> _Exercise details_: A word-for-word copy of the data is what's wanted; pictures stay out of it.

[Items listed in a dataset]
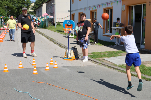 Ganz konzentriert dribbelt ein kleiner Junge den Basketball durch einen Parcours, um am Ende auf einen Korb – in Kinderhöhe angebracht – zu werfen. „Jeder, der einen Treffer landet, erhält einen kleinen Preis“, erklärt Jens Lohutta, Jugendkoordinator der Hertener Löwen, die seit einiger Zeit eine Kooperation mit dem Familienzentrum haben. Das Team möchte gerne ein regelmäßiges Vater-Kind-Angebot mit dem Ankommenszentrum etablieren und nutzt das Sommerfest, um sich zu vernetzen. „Es ist ein schönes Miteinander hier. Vor allem, dass die Menschen, die hier leben, sich aktiv am Programm beteiligen und helfen, finde ich toll. Das ist doch gelebte Integration.“
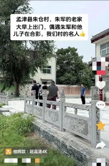 有网友发布了视频,在孟津县朱仓村偶遇了朱军,原来是朱军带着夫人和儿子回到了自己的老家,可能有很多小伙伴十分的好奇朱军不是出生在甘肃兰州吗,据说他虽然出生在甘肃兰州,但是他的祖籍在河南孟津县朱仓村,只不过不知道是真的还是假的。
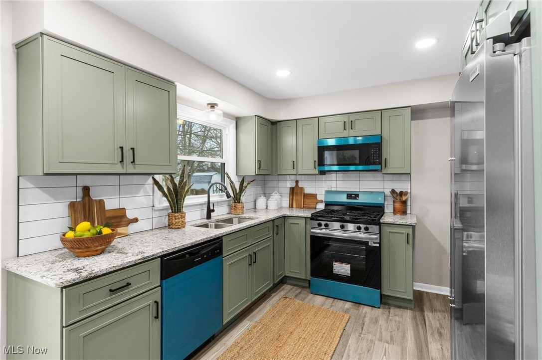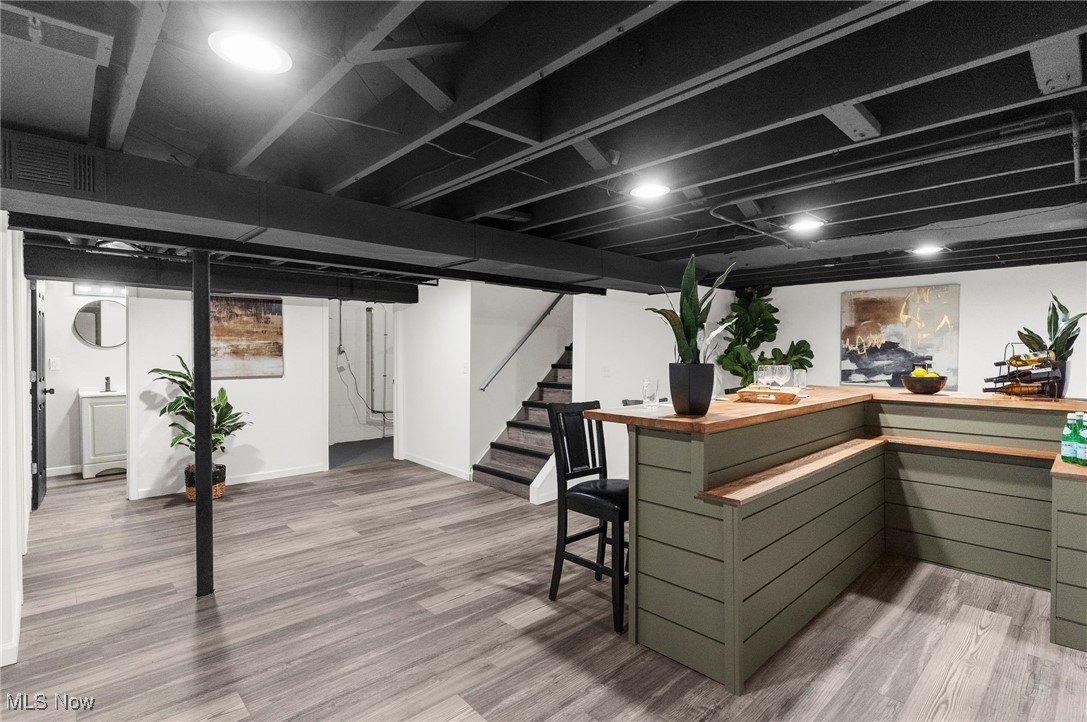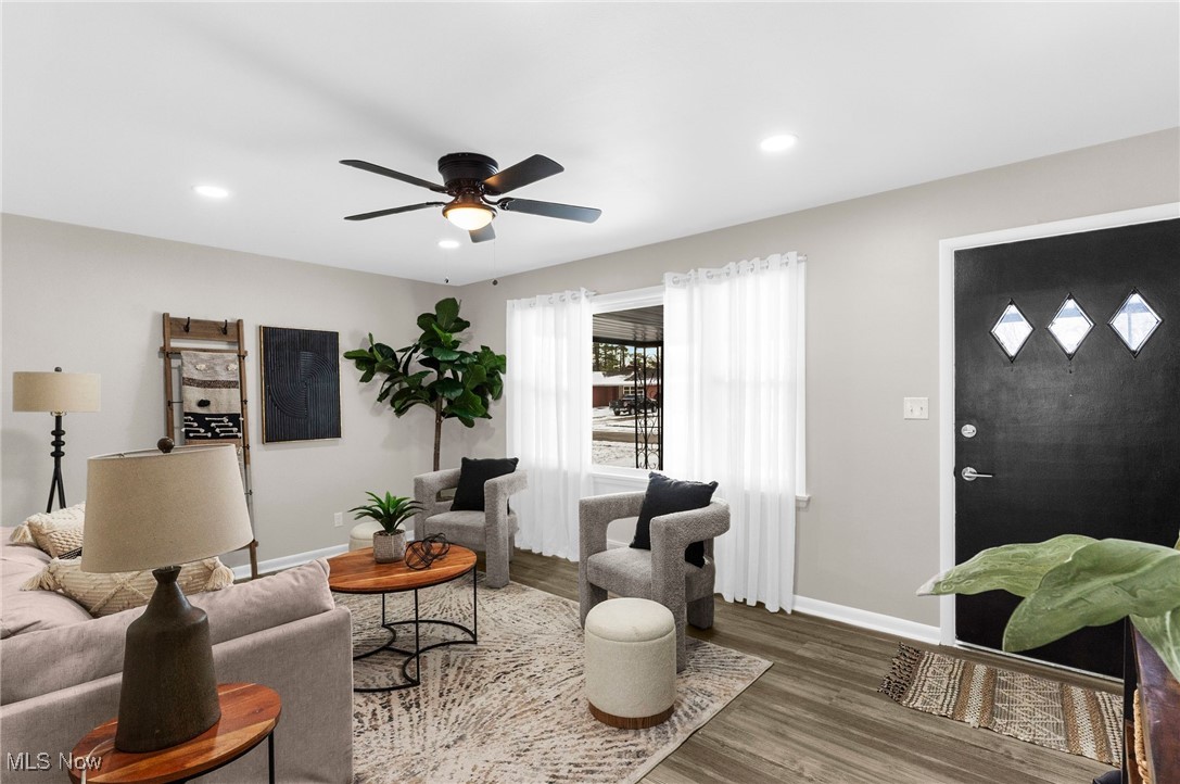 Welcome to this fully remodeled 3-bedroom, 2-full-bath home located on a quiet street in Youngstown. Step inside to an inviting living room with new vinyl plank flooring that flows seamlessly throughout the main level. The brand-new eat-in kitchen features soft-close cabinetry, granite countertops, a subway tile backsplash, and convenient access to a small dining area leading out to the back deck and fenced-in backyard, perfect for outdoor enjoyment. 3 main floor bedrooms offer comfortable space and nice closets, complemented by updated light fixtures and fresh finishes throughout. The beautifully renovated full bathroom includes tiled walls, a tub/shower combo, new vanity, and toilet. The partially finished basement expands your living options, featuring a cozy hangout spot with a shiplap-accented bar area with butcher block countertop, plus an additional room ideal for a 4th bedroom, office, or flex space. You'll also find a laundry area, storage, and a second full bathroom with a tiled walk-in shower. Enjoy peace of mind with new major mechanicals, dimensional shingle roof, aluminum siding, and a 2-car attached garage. This move-in-ready home offers modern updates, great space, and true convenience, don't miss it!
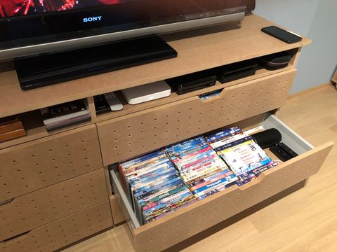 Nous avons également conçu un meuble TV, devant recevoir 300 DVD.
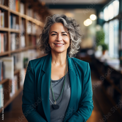Confident Middle-Eastern businesswoman smiling in professional office setting
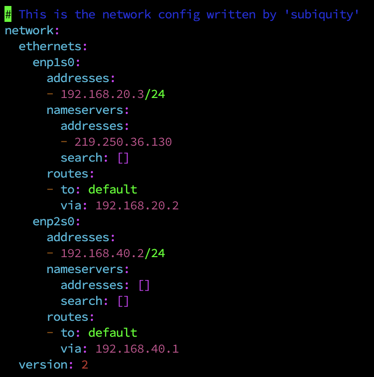 ์ฃผ๋๋ ์์ ๊ฐ์ด ๋ด๋ถ ๋ฒ๋ง ์ฐ๊ฒฐ์ ์ํ NIC enp1s0์ ์คํ ์คํ ํต์ ์ ์ํ enp2s0๋ฅผ ์์ ๊ฐ์ด ์ค์ ํด ์ฃผ์์ด์.
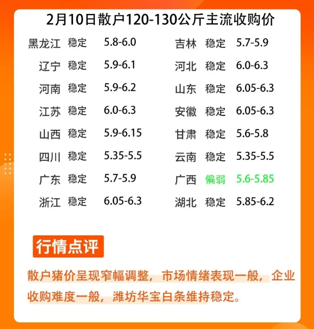 2月09日晚间猪价信息,今晚猪价情绪表现一般,屠宰企业采购难度一般,今晚白条猪价呈现跌涨调整,潍坊华宝白条出场价格维持稳定,安徽牧原、江苏牧原白条出场价格维持稳定,瘦白条下跌100元/吨,东北牧原白条出场价格维持稳定,肥白条上涨100元/吨,预计明日北方集团猪价呈现企稳,南方地区集团猪价呈现稳中有弱,重点关注集团生猪上市量。

> _Solved problem_:
 Ganz konzentriert dribbelt ein kleiner Junge den Basketball durch einen Parcours, um am Ende auf einen Korb – in Kinderhöhe angebracht – zu werfen. „Jeder, der einen Treffer landet, erhält einen kleinen Preis“, erklärt Jens Lohutta, Jugendkoordinator der Hertener Löwen, die seit einiger Zeit eine Kooperation mit dem Familienzentrum haben. Das Team möchte gerne ein regelmäßiges Vater-Kind-Angebot mit dem Ankommenszentrum etablieren und nutzt das Sommerfest, um sich zu vernetzen. „Es ist ein schönes Miteinander hier. Vor allem, dass die Menschen, die hier leben, sich aktiv am Programm beteiligen und helfen, finde ich toll. Das ist doch gelebte Integration.“
 有网友发布了视频,在孟津县朱仓村偶遇了朱军,原来是朱军带着夫人和儿子回到了自己的老家,可能有很多小伙伴十分的好奇朱军不是出生在甘肃兰州吗,据说他虽然出生在甘肃兰州,但是他的祖籍在河南孟津县朱仓村,只不过不知道是真的还是假的。
 Welcome to this fully remodeled 3-bedroom, 2-full-bath home located on a quiet street in Youngstown. Step inside to an inviting living room with new vinyl plank flooring that flows seamlessly throughout the main level. The brand-new eat-in kitchen features soft-close cabinetry, granite countertops, a subway tile backsplash, and convenient access to a small dining area leading out to the back deck and fenced-in backyard, perfect for outdoor enjoyment. 3 main floor bedrooms offer comfortable space and nice closets, complemented by updated light fixtures and fresh finishes throughout. The beautifully renovated full bathroom includes tiled walls, a tub/shower combo, new vanity, and toilet. The partially finished basement expands your living options, featuring a cozy hangout spot with a shiplap-accented bar area with butcher block countertop, plus an additional room ideal for a 4th bedroom, office, or flex space. You'll also find a laundry area, storage, and a second full bathroom with a tiled walk-in shower. Enjoy peace of mind with new major mechanicals, dimensional shingle roof, aluminum siding, and a 2-car attached garage. This move-in-ready home offers modern updates, great space, and true convenience, don't miss it!
 Nous avons également conçu un meuble TV, devant recevoir 300 DVD.
Confident Middle-Eastern businesswoman smiling in professional office setting
 ์ฃผ๋๋ ์์ ๊ฐ์ด ๋ด๋ถ ๋ฒ๋ง ์ฐ๊ฒฐ์ ์ํ NIC enp1s0์ ์คํ ์คํ ํต์ ์ ์ํ enp2s0๋ฅผ ์์ ๊ฐ์ด ์ค์ ํด ์ฃผ์์ด์.
 2月09日晚间猪价信息,今晚猪价情绪表现一般,屠宰企业采购难度一般,今晚白条猪价呈现跌涨调整,潍坊华宝白条出场价格维持稳定,安徽牧原、江苏牧原白条出场价格维持稳定,瘦白条下跌100元/吨,东北牧原白条出场价格维持稳定,肥白条上涨100元/吨,预计明日北方集团猪价呈现企稳,南方地区集团猪价呈现稳中有弱,重点关注集团生猪上市量。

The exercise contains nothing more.